Dari hasil supervisi ini, dapat diketahui kelemahan sekaligus keunggulan
guru dalam melaksanakan pembelajaran, -tingkat penguasaan guru yang
bersangkutan-, selanjutnya diupayakan solusi, pembinaan dan tindak lanjut
tertentu sehingga guru dapat memperbaiki kekurangan yang ada sekaligus
mempertahankan keunggulannya dalam melaksanakan pembelajaran.
Jones
dkk. sebagaimana disampaikan oleh Sudarwan Danim (2002) mengemukakan
bahwa,”menghadapi kurikulum yang berisi perubahan-perubahan yang cukup besar
dalam tujuan, isi, metode, dan evaluasi pengajarannya, sedah sewajarnya kalau
para guru mengharapkan saran dan bimbingan dari kepala sekolah mereka”. Dari
ungkapan ini, mengandung makna bahwa kepala sekolah harus betul-betul menguasai
tentang kurikulum sekolah. Mustahil seorang kepala sekolah dapat memberikan
saran dan bimbingan kepada guru, sementara dia sendiri tidak menguasainya
dengan baik.
5. Kepala Sekolah sebagai Leader (pemimpin)
Gaya
kepemimpinan kepala sekolah seperti apakah yang dapat menumbuh suburkan
kreativitas sekaligus dapat mendorong terhadap peningkatan kompetensi guru ?
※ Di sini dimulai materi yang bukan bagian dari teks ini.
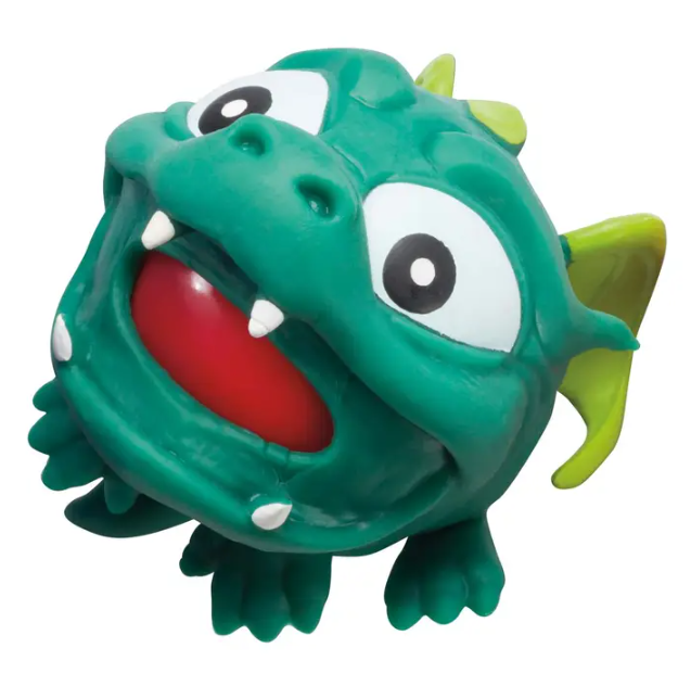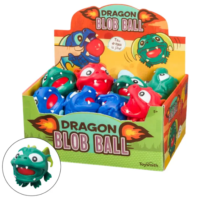 The Dragon Blog Ball squish toy comes in 3 assorted color options including red, blue, and green. Each 3-inch dragon squeeze ball features a wide-open mouth with pointed white teeth and a peeking tongue. Raised spiky ears and giant eyes make this dragon adorably ferocious. Squeeze its cheeks and the fire erupts! A great stress relief aid or soft ball for tossing around. Available with colorful display case showcasing how to squeeze the dragon’s cheeks and make a fire blob erupt! •

Dalam teori kepemimpinan setidaknya kita mengenal dua gaya kepemimpinan yaitu;
kepemimpinan yang berorientasi pada tugas dan kepemimpinan yang berorientasi
pada manusia. Dalam rangka meningkatkan kompetensi guru, seorang kepala sekolah
dapat menerapkan kedua gaya kepemimpinan tersebut secara tepat dan fleksibel,
disesuaikan dengan kondisi dan kebutuhan yang ada. Kendati demikian menarik untuk
dipertimbangkan dari hasil studi yang dilakukan Bambang Budi Wiyono (2000)
terhadap 64 kepala sekolah dan 256 guru Sekolah Dasar di Bantul terungkap bahwa
ethos kerja guru lebih tinggi ketika dipimpin oleh kepala sekolah dengan gaya
kepemimpinan yang berorientasi kepada manusia.
Kepemimpinan
seseorang sangat berkaitan dengan kepribadian dan kepribadian kepala sekolah
sebagai pemimpin akan tercermin dalam sifat-sifat sebagai
7
berikut: (1) jujur, (2) percaya diri, (3) tanggung
jawab, (4) berani mengambil resiko dan keputusan, (5) berjiwa besar, (6) emosi
yang stabil, dan (7) teladan ( E. Mulyana, 2003).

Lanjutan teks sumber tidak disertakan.